Промаявшись в своих письменных упражнениях с составлением чувственной записки до самой полночи, Варвара Ильинична так и уснула, зажав в правой ручке сгрызанное чуть ли не до половины перо, а в левой – полусмятую четвертушку бумажного листочка, более чем наполовину исписанного круглым и ровным девичьим почерком. Пришедшая поутру горничная Дуся собрала скомканную бумагу с пола, убрала с одеяла выпавший во время сна из тонкой девичьей руки листочек – и всё унесла на кухню. И уже через малое время все эти так и не высказанные вслух признания превратились в кучку серого пепла в жерле печи, на которой кухарка уже вовсю готовила завтрак для господ – и ставила обед для приглашенных хозяином соседей…
Слушая задорные наигрыши польки, гости расположились полукругом. Нарядные дамы из окрестных поместий – все они были в этом большом гостеприимном доме уже ни раз – сидели с одухотворенно-возвышенными выражениями на лицах, слегка обмахивая себя веерами – и, иногда забывшись, отстукивали своими сложенными охладительными инструментами по слегка угадываемым под пышными юбками коленкам в такт льющейся музыки.
Мужчины же стояли чуть сзади, за стульями своих дам, иногда многозначительно переглядывались, или полушепотом перебрасывались почти неслышными короткими фразами.
А полька, пролетев в лёгком бальном вихре несколько раз по гостиной – то озорно приседая у дамских ножек, то взмывая под самый купол расписного с лепниной в виде шаловливых крылатых амурчиков потолка, невесомой волной неспешно спустилась вниз, и, проведя шаловливой ладошкой по щеке вдруг улыбнувшегося неизвестно чему угрюмого глуховатого соседского помещика Кондратия Филимоныча Тюкина – бывшего однополчанина хозяина дома, до этой поры с дутым и хмурым видом исподлобья оглядывавшего собравшееся общество, незаметно как будто бы исчезла в тонких пальцах музыканта и затихла…
В наступившей тишине послышались возгласы «Браво!», «Право, как замечательно!», «Воистину, я и сам чуть было в пляс не пустился!», «Ах, как Вы великолепно играли!» и иные.

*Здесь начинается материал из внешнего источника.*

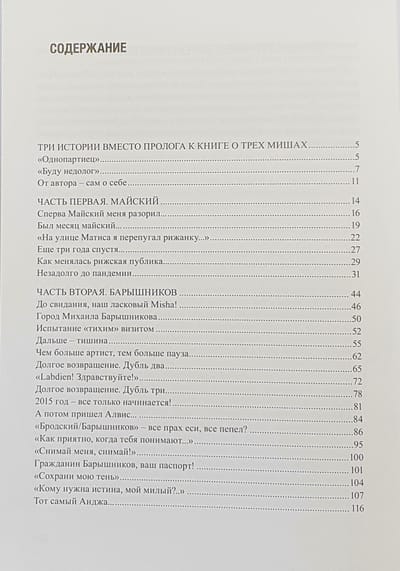 Героями книги «Рига и три ее Миши» являются три выдающихся рижанина: Миша Майский, Михаил Барышников и Михаил Таль. В детстве все трое жили в центре Риги и впоследствии стали легендами Риги и Латвии. Все три очаровали автора книги - известного культурного журналиста Андрея Шаврея - на долгие годы. В книге он собрал свои интервью, наблюдения, впечатления от спектаклей, концертов и других художественных мероприятий. Будучи прекрасным рассказчиком, Шаврей со свойственным ему усердием прибавляет к каждому событию рассказ о переживаниях и наблюдениях, связанных с этим событием. Книга пронизана вопросом, как вообще или одновременно в Риге могла появиться такая плеяда выдающихся личностей. Сам автор говорит о своей книге: «Ее можно читать и как приключенческий роман, и как детектив, и как документальный фильм». Книга издана на родном русском языке автора, что позволяет максимально насладиться его уникальным стилем письма и интонацией.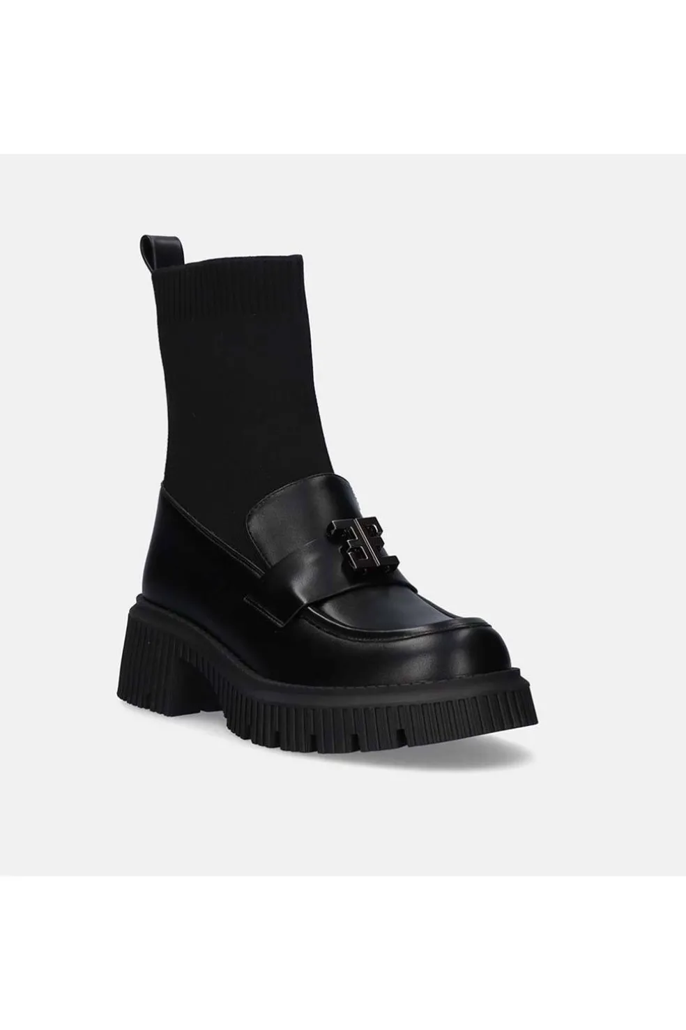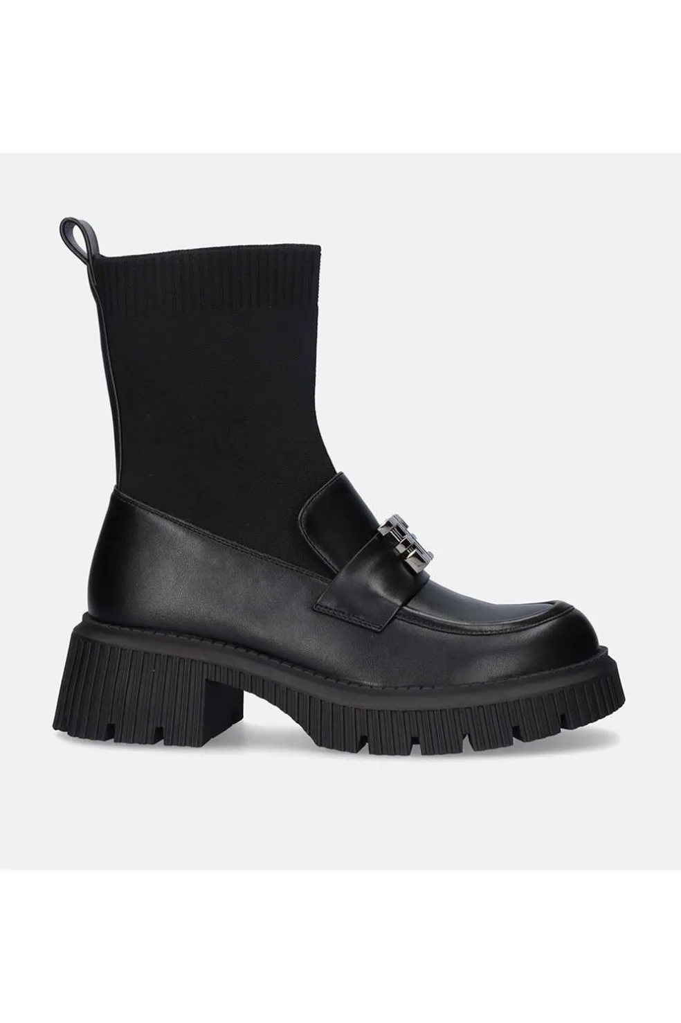 Mocasines en color black. Su corte y suela con de material sintético, la plantilla es de mateiral textil. Este diseño cuenta con un calcetín a modo de caña con una altura de 17 cm, además de contar con una gruesa suela de 6 cm de grosor para dar mayor confort.

Все встали и аплодировали. А папенька Варвары Ильиничны – в своём редко облачаемом парадном мундире со всеми орденами и регалиями – подошел к именитому гостю, заключил того в объятия, и, трижды проведя по его лицу своими густющими седыми усами, промолвил:
- Ну, уважили Вы, сударь мой, на старость лет Вашего покорного слугу, уважили.  – И он ещё раз приобнял смущенного молодого красавца-офицера. – Слушал – и вспоминал: ах, какие балы в мою беспутную молодость давал Александр Николаевич князь Голицин! А какие там были женщины…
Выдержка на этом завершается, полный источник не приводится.